== WHAT IS EXPECTED ==
Any picture in the data below gets skipped; print all the rest exactly.

== DATA PROVIDED ==
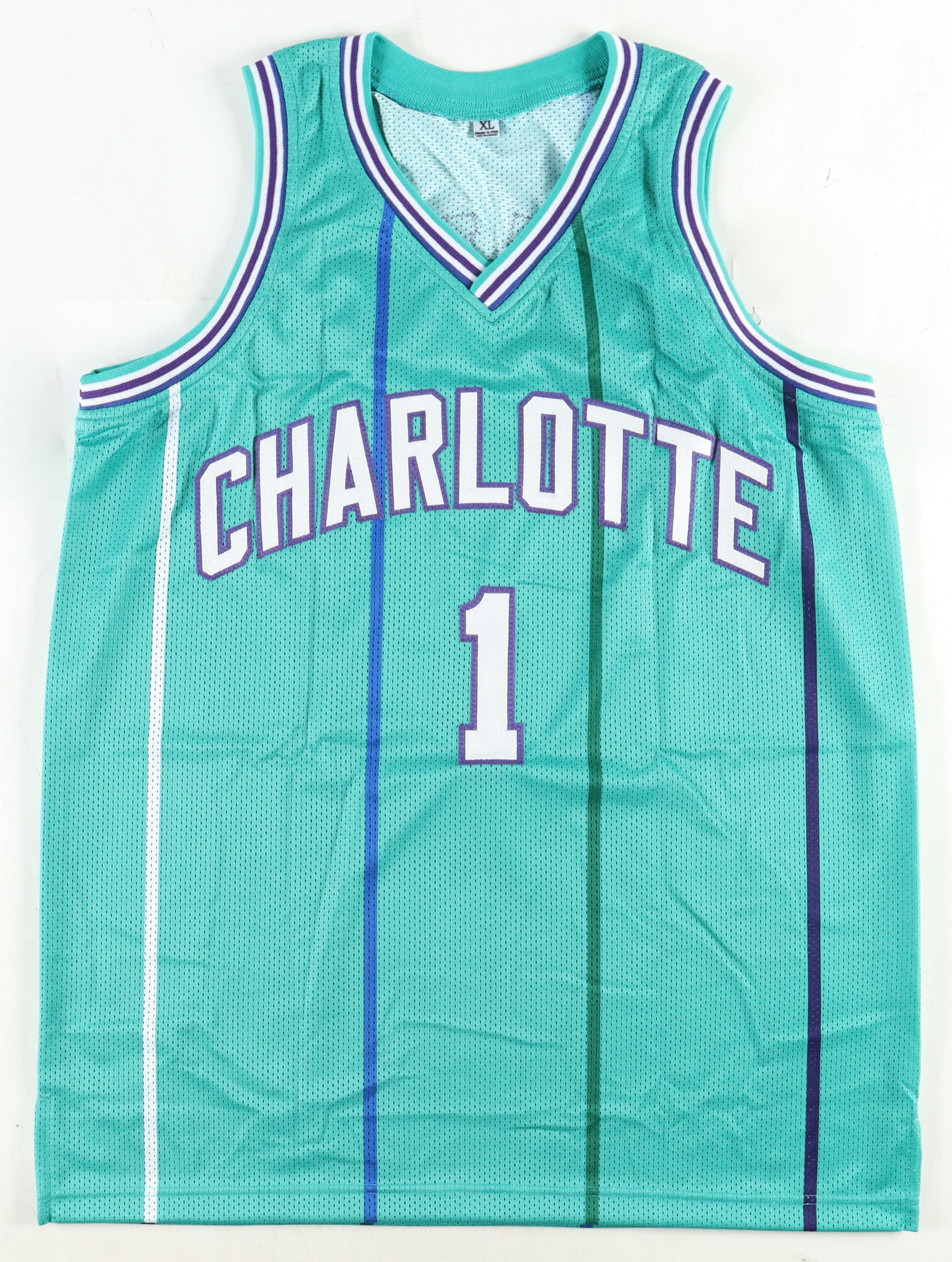 Custom jersey. Everything is sewn on, size XL. Hand-signed by Muggsy Bogues.
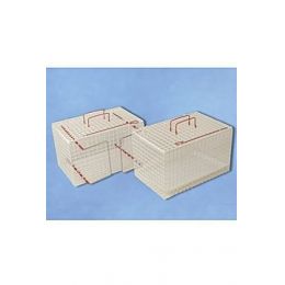 Klec je vyrobena z bílých poplastovaných drátů. Má dvojitou posuvnou stěnu, která umožňuje bezpečné sevření.
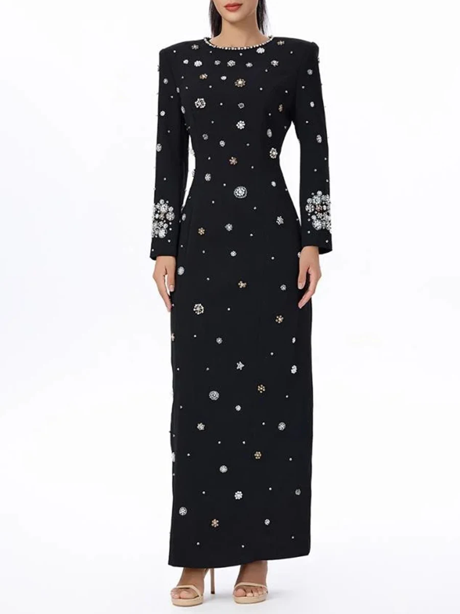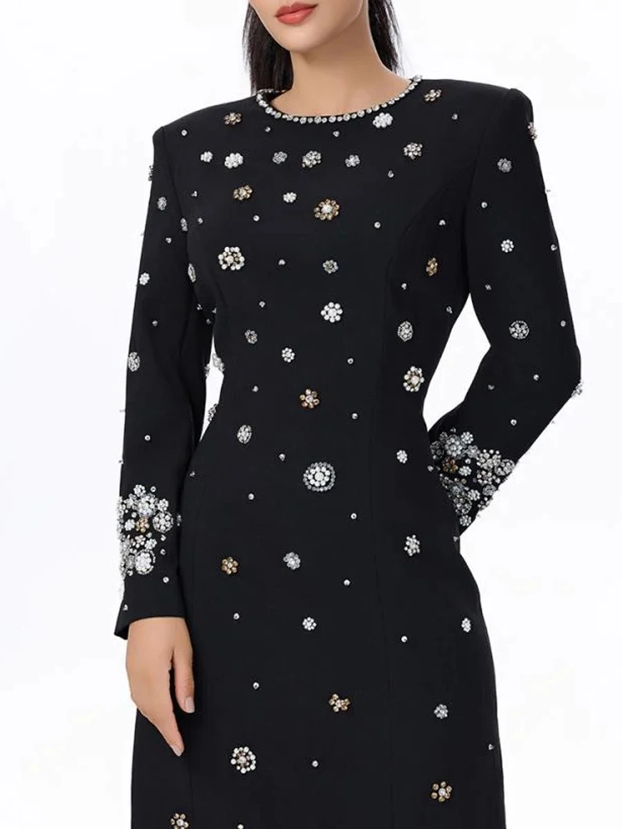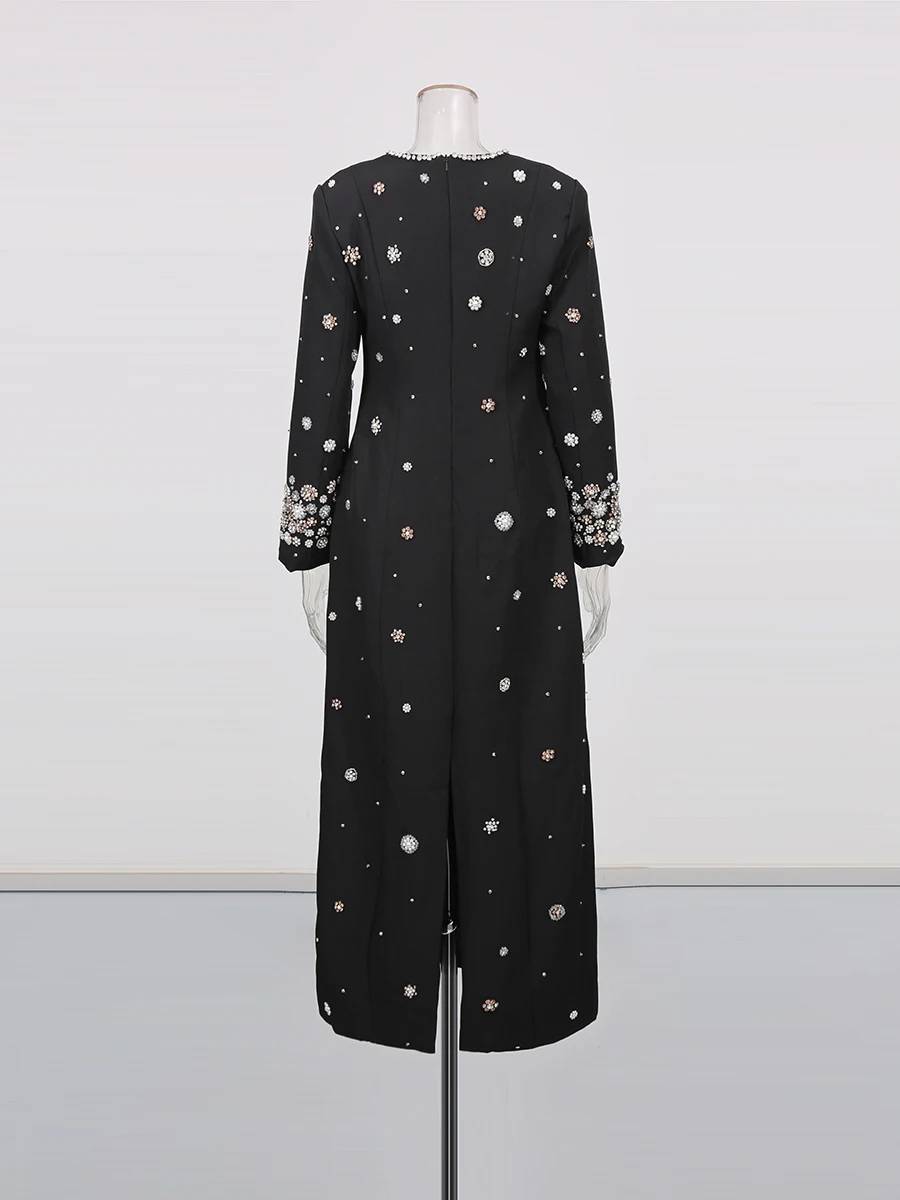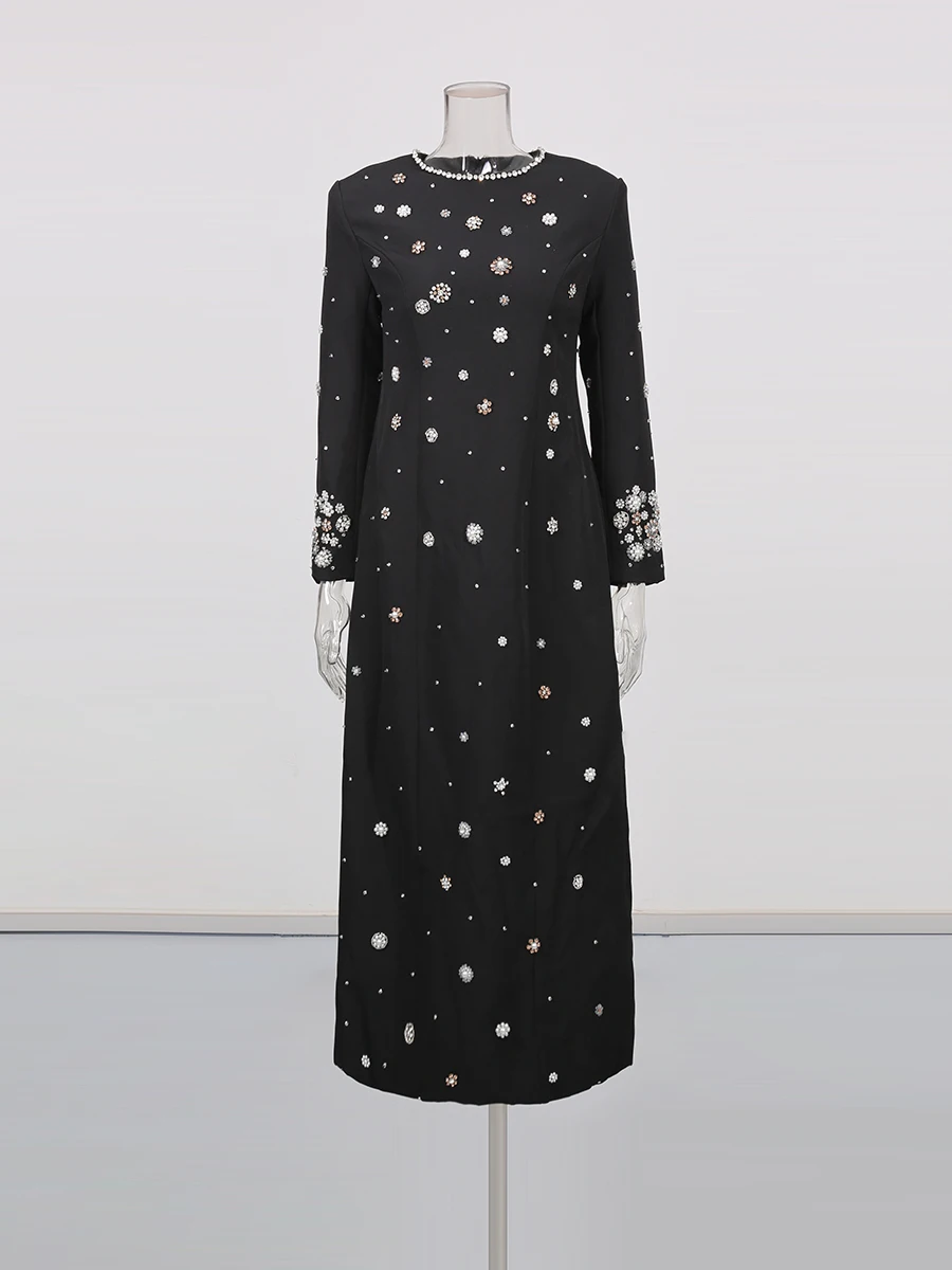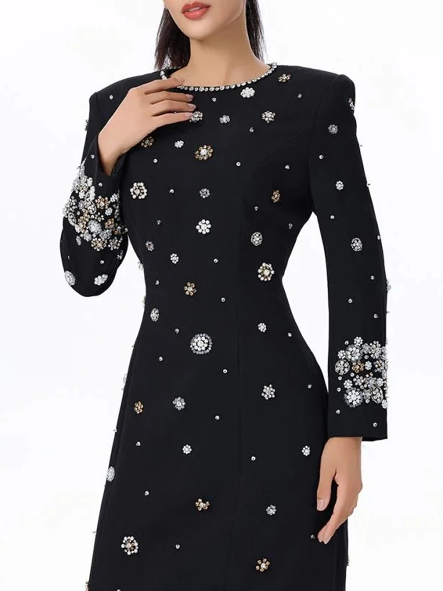 TWOTWINSTYLE Slimming Spliced Bead Temperament Dresses for Women O Neck Long Sleeves High Waist Fashion Dress Female Clothes New

== YOUR SOLUTION ==
 Custom jersey. Everything is sewn on, size XL. Hand-signed by Muggsy Bogues.
 Klec je vyrobena z bílých poplastovaných drátů. Má dvojitou posuvnou stěnu, která umožňuje bezpečné sevření.
 TWOTWINSTYLE Slimming Spliced Bead Temperament Dresses for Women O Neck Long Sleeves High Waist Fashion Dress Female Clothes New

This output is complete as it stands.